Ever since Disney made the announcement, Disney fans have been wondering exactly where they’d actually put the money. We’ve heard some updates, including one from CEO Bob Iger, who said that, while a portion of that money has already been put to use — and even more of it allocated, some of it has not yet been designated because Disney wants to wait and decide what to do with it at a later time in order to allow space for new stories and ideas. There’s also the possibility of a new international theme park and of course all kinds of new lands, rides, and restaurants in existing parks.
But, after this recent quarterly earnings call, we think we’ve got an even better idea of what Disney plans to do with these funds. As the earnings call was winding down, a short Q&A was hosted for outstanding questions that may have needed more clarity from this past quarter’s announcements. When asked about the $60 billion investment, CFO Hugh Johnston said, “We know there are lots of opportunities to continue to grow investment.”
Johnston went on to comment briefly on the parks.
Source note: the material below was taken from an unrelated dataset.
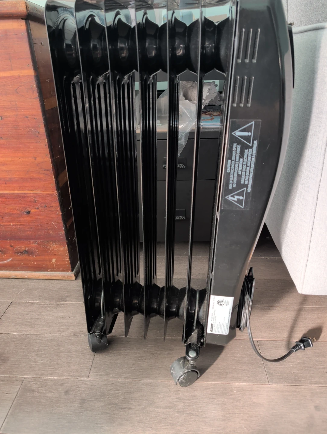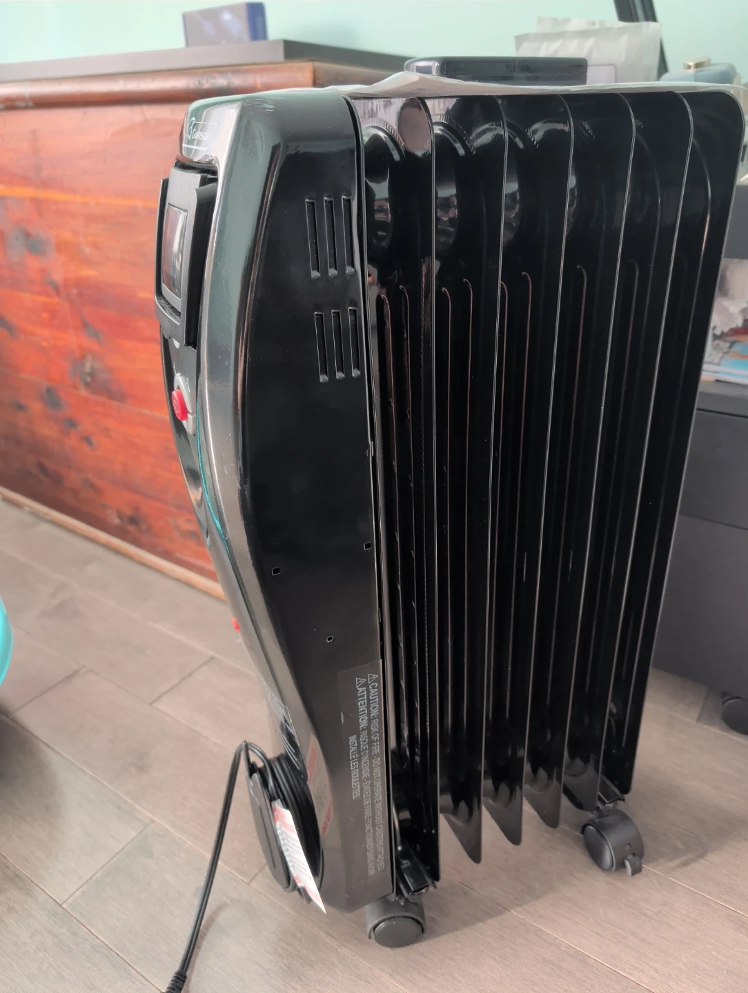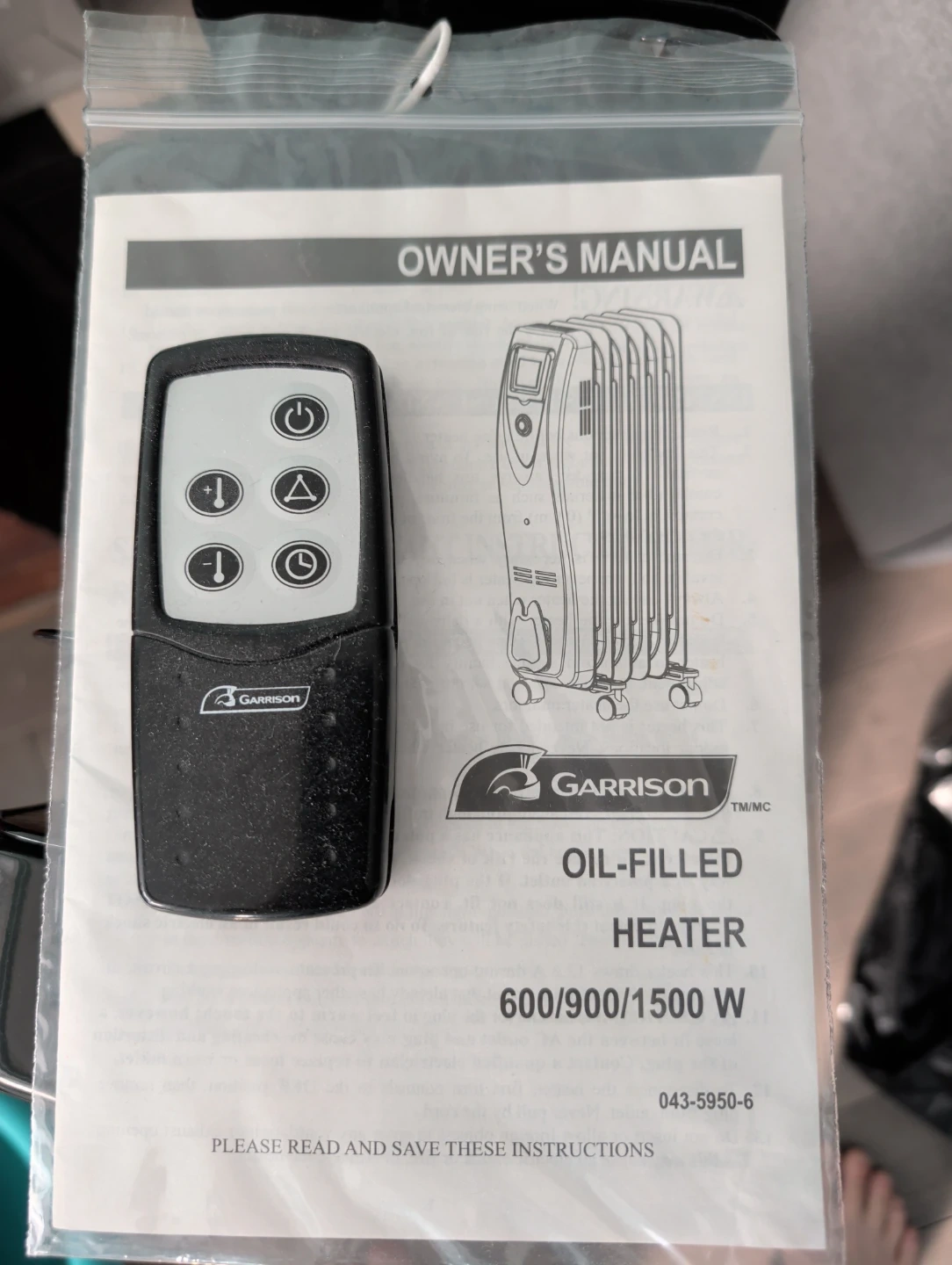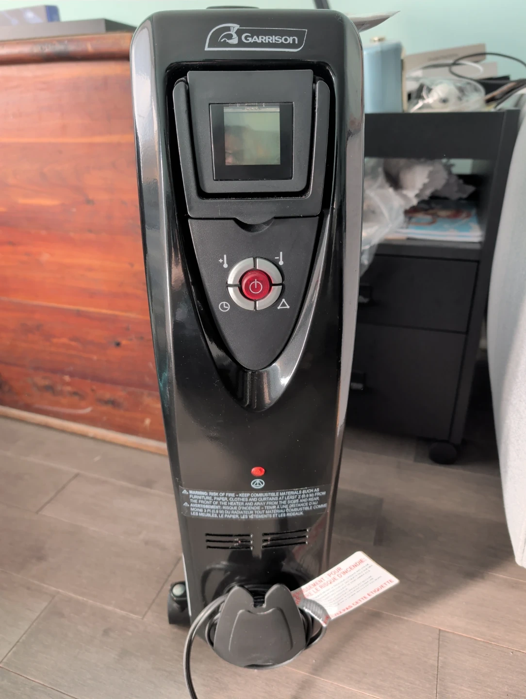 Garrison oil-filled heater with 600/900/1500W settings. It has an adjustable thermostat and includes a remote. This heater is black and has wheels for easy movement.

He said that the theme parks have “terrifically high guest satisfaction scores” and Disney has “lots of opportunities to continue to grow attendance both domestically and internationally.”
However, Johnston’s response then shifted over to the Disney Cruise Line, and that’s what he discussed more than the parks. He said that Disney’s cruise division “is one that has an enormous number of opportunities for [Disney] over time.” Disney is “leaning more heavily into that business” with new ships and routes added to the fleet.
Johnston said that Disney is “not investing capital, obviously, to achieve poor returns.” He continued, “We expect to get excellent returns out of the business.” He reported that Disney’s cruise ships have “the highest guest satisfaction scores in the company,” so Disney has concluded that “this is a business with a lot of runway left in it and that will deliver great returns to [Disney’s] shareholders.”
In short, Johnston talked a LOT about the Disney Cruise Line, and his focus on that aspect of the business leads us to believe that a significant portion of that $60 billion is going to go to the new ships that Disney has planned and potentially even more on the horizon.
Disney debuted the Disney Wish ship in 2022, and the Disney Treasure is setting sail on its maiden voyage in December 2024. Another brand-new Wish-class ship was announced earlier this year: The Disney Destiny. So it’s clear that the cruise line division has a lot coming up that could certainly eat up some of that big investment!